» Work request: The lines to return are those from the line holding "Museum-quality poster on" through the last line of the entries below, both included, written exactly and without pictures.

» Data items:
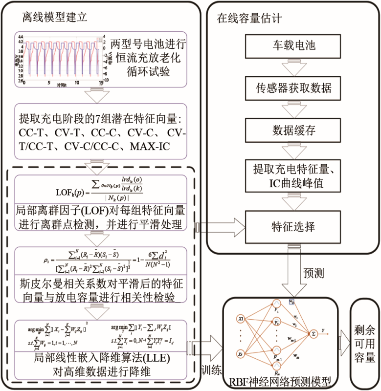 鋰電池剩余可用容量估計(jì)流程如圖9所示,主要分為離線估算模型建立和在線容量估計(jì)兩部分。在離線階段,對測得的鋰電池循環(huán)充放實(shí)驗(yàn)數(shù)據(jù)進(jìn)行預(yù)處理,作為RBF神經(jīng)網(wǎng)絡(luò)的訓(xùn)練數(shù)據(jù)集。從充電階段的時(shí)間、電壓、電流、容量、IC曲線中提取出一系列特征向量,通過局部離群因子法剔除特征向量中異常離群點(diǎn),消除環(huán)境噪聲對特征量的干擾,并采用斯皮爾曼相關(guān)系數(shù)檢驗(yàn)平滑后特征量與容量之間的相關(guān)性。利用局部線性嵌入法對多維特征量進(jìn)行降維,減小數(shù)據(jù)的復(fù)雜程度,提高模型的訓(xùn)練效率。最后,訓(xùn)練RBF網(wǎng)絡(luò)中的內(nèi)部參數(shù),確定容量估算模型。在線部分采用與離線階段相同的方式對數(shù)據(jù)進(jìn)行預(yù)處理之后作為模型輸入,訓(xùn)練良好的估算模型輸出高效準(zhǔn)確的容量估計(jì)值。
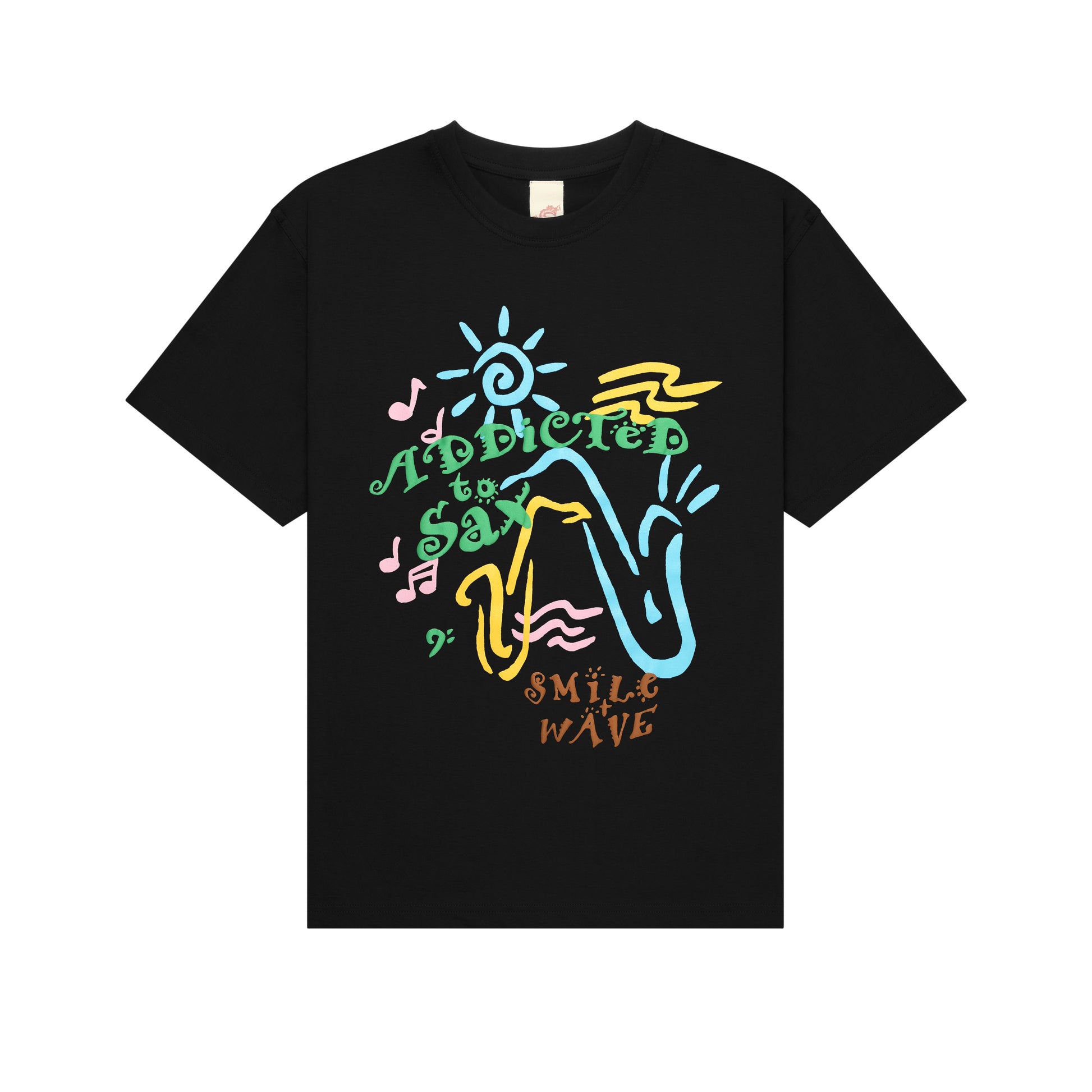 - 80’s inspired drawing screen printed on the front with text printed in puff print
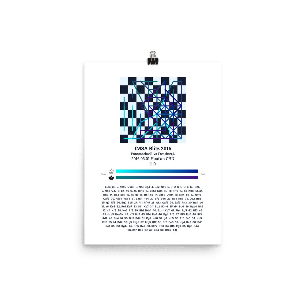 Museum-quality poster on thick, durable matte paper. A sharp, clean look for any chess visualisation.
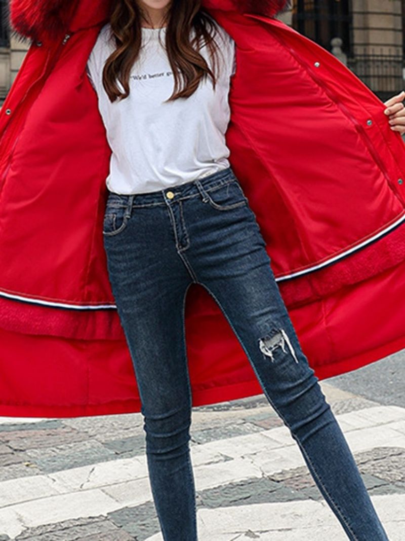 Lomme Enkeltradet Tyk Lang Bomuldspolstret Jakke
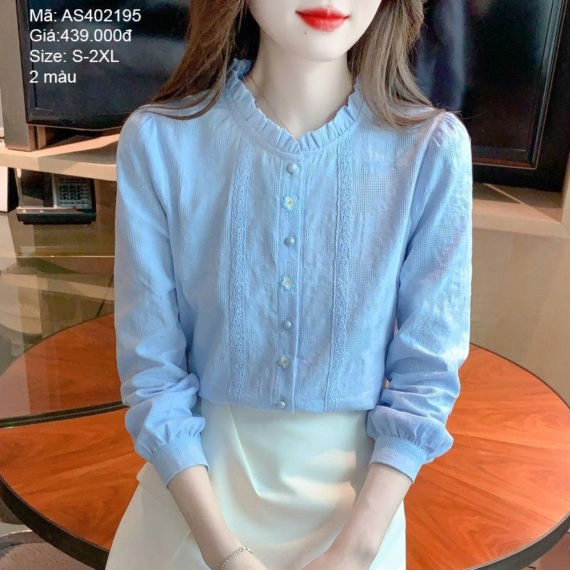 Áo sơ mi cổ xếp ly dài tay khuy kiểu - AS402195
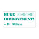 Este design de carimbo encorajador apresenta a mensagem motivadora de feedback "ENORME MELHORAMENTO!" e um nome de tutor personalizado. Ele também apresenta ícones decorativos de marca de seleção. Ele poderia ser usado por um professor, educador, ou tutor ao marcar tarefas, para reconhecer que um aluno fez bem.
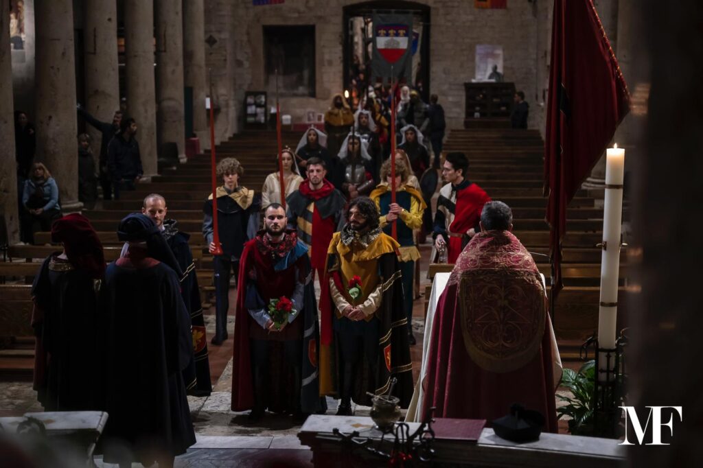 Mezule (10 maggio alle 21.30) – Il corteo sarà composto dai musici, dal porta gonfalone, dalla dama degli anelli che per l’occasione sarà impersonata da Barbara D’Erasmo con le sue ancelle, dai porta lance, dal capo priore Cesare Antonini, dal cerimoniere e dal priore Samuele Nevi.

» Finished exercise:
 Museum-quality poster on thick, durable matte paper. A sharp, clean look for any chess visualisation.
 Lomme Enkeltradet Tyk Lang Bomuldspolstret Jakke
 Áo sơ mi cổ xếp ly dài tay khuy kiểu - AS402195
 Este design de carimbo encorajador apresenta a mensagem motivadora de feedback "ENORME MELHORAMENTO!" e um nome de tutor personalizado. Ele também apresenta ícones decorativos de marca de seleção. Ele poderia ser usado por um professor, educador, ou tutor ao marcar tarefas, para reconhecer que um aluno fez bem.
 Mezule (10 maggio alle 21.30) – Il corteo sarà composto dai musici, dal porta gonfalone, dalla dama degli anelli che per l’occasione sarà impersonata da Barbara D’Erasmo con le sue ancelle, dai porta lance, dal capo priore Cesare Antonini, dal cerimoniere e dal priore Samuele Nevi.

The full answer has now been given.